Second, my approach gives appropriate incentives for further research. Many “basic science” discoveries today, such as deciphering genes’ DNA sequences (“annotating” a gene), are made in academic settings using tax-payer funding. (The BRCA1 gene in question for Myriad Inc. was first discovered at UC Berkeley and University of Utah.) It would be unfair if a spinoff for-profit company from an academic lab can then deny others from studying this gene after merely a perfunctory effort. Instead, by requiring a company to perform the full gamut of discovery, validation, and application, there is proper incentive for good faith effort and great disincentive for genetic patent trolling.

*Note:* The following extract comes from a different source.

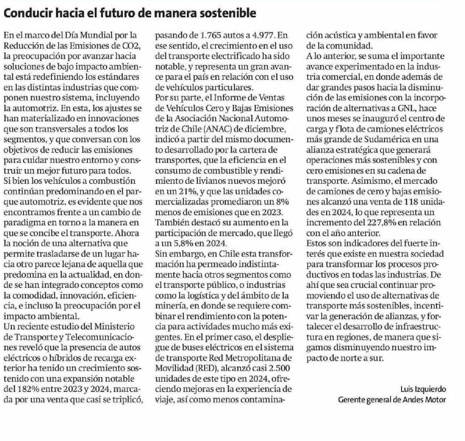 Conducir hacia el futuro de manera sostenible 30-01-2025 La Estrella de Arica |

Undoubtedly, it is always a careful balancing act between providing incentives and obstructing competition. Genetic patent trolling would be especially egregious in the age of computational biology because of how easy it is to simply annotate and then claim a segment of the already-published human genome . Giving a patent for merely rummaging through public information obstructs the rights of others to better investigate the gene in question. That is precisely the reason why I believe taking the suite approach provides the incentives to expend in-depth effort to fully develop a medically relevant discovery and a concomitant applicable product. Admittedly, this will still generate inequities because companies are likely to be the ones to fully actualize a “basic” research discovery made by an academic. However, unless research universities commit themselves to developing, manufacturing, and dispensing drugs based off of their discoveries, one could argue that it is the academics who are obstructing social welfare. That is, if academics won’t develop and manufacture the drugs that society needs (and paid for), why shouldn’t society incentivize someone else who can and will?
Third, my approach gives the Courts an easier time navigating technological advances for more consistent holdings. Whenever a court makes a holding with reference to a specific stage of life sciences workflow, future advances will inevitably circumvent the technicality (i.e. ease of making cDNA), making the holding futile. But by using a suite approach, the Court only has to focus on the big picture of patent function, with the genetic information only constituting a subcomponent, making life sciences patents more comparable to traditional fields.
I’ll conclude by noting that it’s interesting that the Supreme Court made a point to declare in Myriad that effort does not correlate with innovation and patent-worthiness. Supra at 14. Philosophically, that is absolutely correct; practically and technically, that is questionable. Every glaring loophole I have pointed out is undergirded by the notion of how effortless it is to circumvent the Myriad ruling: an average molecular biologist can easily change what is Myriad-unpatentable to become Myriad-patentable. The Supreme Court should not be drawing lines at the technical level; it’s just not good at it. Determining what is good faith effort to innovate beyond the obvious requires keeping abreast of biology’s advances. Therefore, if the Courts continue to rule on the basis of technology, the landscape of life sciences patents will continue to fluctuate with each advance in technology. Instead, if the courts ruled on the conception of DNA’s stored information and on the paradigm of full-suite product development, then its lines in the sand won’t be washed away so readily by the tides of technological advance.